During the 1995-2004 period, Parkdale Mills Inc., in Gastonia, N.C., the largest U.S. cotton spinner, received the fourth-largest subsidy of $135.4 million from the federal program, while Avondale Mills Inc., of Sylacauga, Ala., received the sixth-largest subsidy of $92.2 million and National Textiles, of Winston-Salem, N.C., received the seventh-largest subsidy of $90.2 million, according to the EWG.

Under current law, U.S. mills must buy U.S. cotton unless the price reaches a certain threshold over a period of four consecutive weeks, at which point a quota limit is triggered and mills can import cotton.

However, the quotas were last triggered in the late Nineties and mills did not have time to build relationships with foreign cotton suppliers, according to Tantillo."The [Step 2] program makes the industry highly dependent on U.S. cotton growers," he said.

The administration also has proposed removing a 1 percent cap on fees that can be charged under export-credit programs and the elimination of the Intermediate Export Guarantee Program.

The administration's proposal stems from a September 2002 WTO complaint filed by Brazil that maintained U.S. cotton subsidies depressed global cotton prices and were illegal.
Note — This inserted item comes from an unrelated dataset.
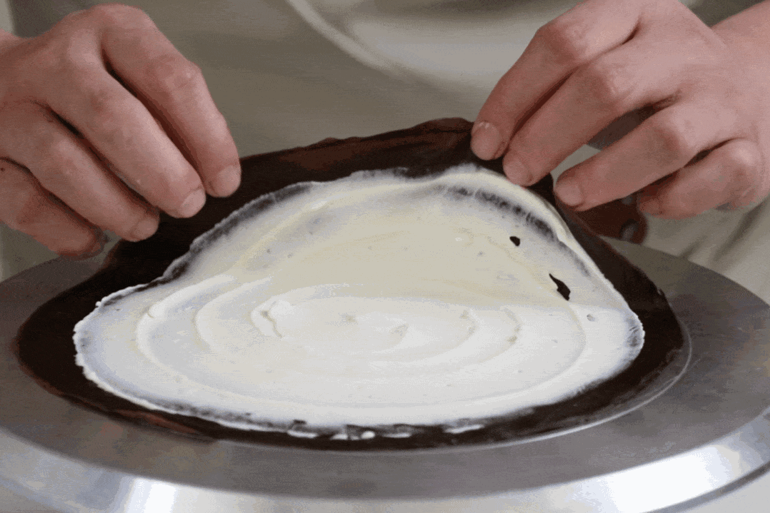 08. 全部折疊完後,表面再擠一層香緹奶油,用抹刀抹平整。
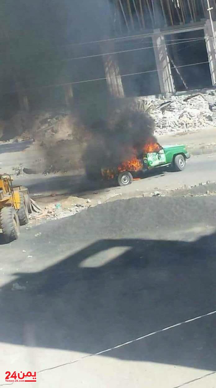 عاجل : صورة مباشرة الان من جولة بيت بوس بصنعاء .. شاهد احراق الاطقم الحوثية

Brazil said the subsidies cost its farmers more than $600 million in lost sales.

Developing countries have argued that subsidized cotton from rich nations floods the global market with cheap goods and gives U.S. producers an unfair advantage.

Cotton subsidies also have played a crucial role in the ongoing round of global trade talks in the WTO, as negotiators from 148 nations struggle to find a compromise and avoid another collapse of the talks, which is what occurred in September 2003 in Cancún, Mexico.

In the U.S., hundreds of companies and farmers that have relied on the subsidies are closely watching Congress' next move on the Bush administration's proposal and trying to determine the potential impact. Many textile companies have received millions of dollars in subsidies to compensate for the higher price of U.S. cotton over the life of the Step 2 program, which went into effect in fall 1991.

Stephen Felker Jr., manager of corporate development at Avondale Mills, said he is concerned about the adverse impact the removal of subsidies might have on his business and that of other textile mills.

"The problem for us and other domestic textile manufacturers is that our business models and cotton procurement models have relied on the current legislation, which says we must buy U.S. cotton," Felker said. "People have business models and they are out there buying cotton futures based upon the cotton prices and everything with Step 2 in place."

Removing Step 2 from the equation in midstream, after mills have committed to cotton contracts, has many executives concerned, he said.

"If you buy December cotton today and you're locked in at that price, you negotiate and then you take Step 2 cotton prices out and cotton prices drop, you are vastly overpaying for raw materials and you can lose your competitive edge," Felker said.He added that the uncertainty of how Congress will act "leaves us with a big question mark. It could be potentially very harmful."

Cotton exporters also are expected to feel the pinch with the elimination of federal subsidies.

The effect of terminating the program could adversely impact domestic consumption of cotton, as well as reduce exports," said Neal Gillen, executive vice president and general counsel of the American Cotton Shippers' Association. "Insofar as the export situation, the program allows U.S. cotton to compete against lower-priced foreign growths of cotton and the offset payment allows us to be price competitive."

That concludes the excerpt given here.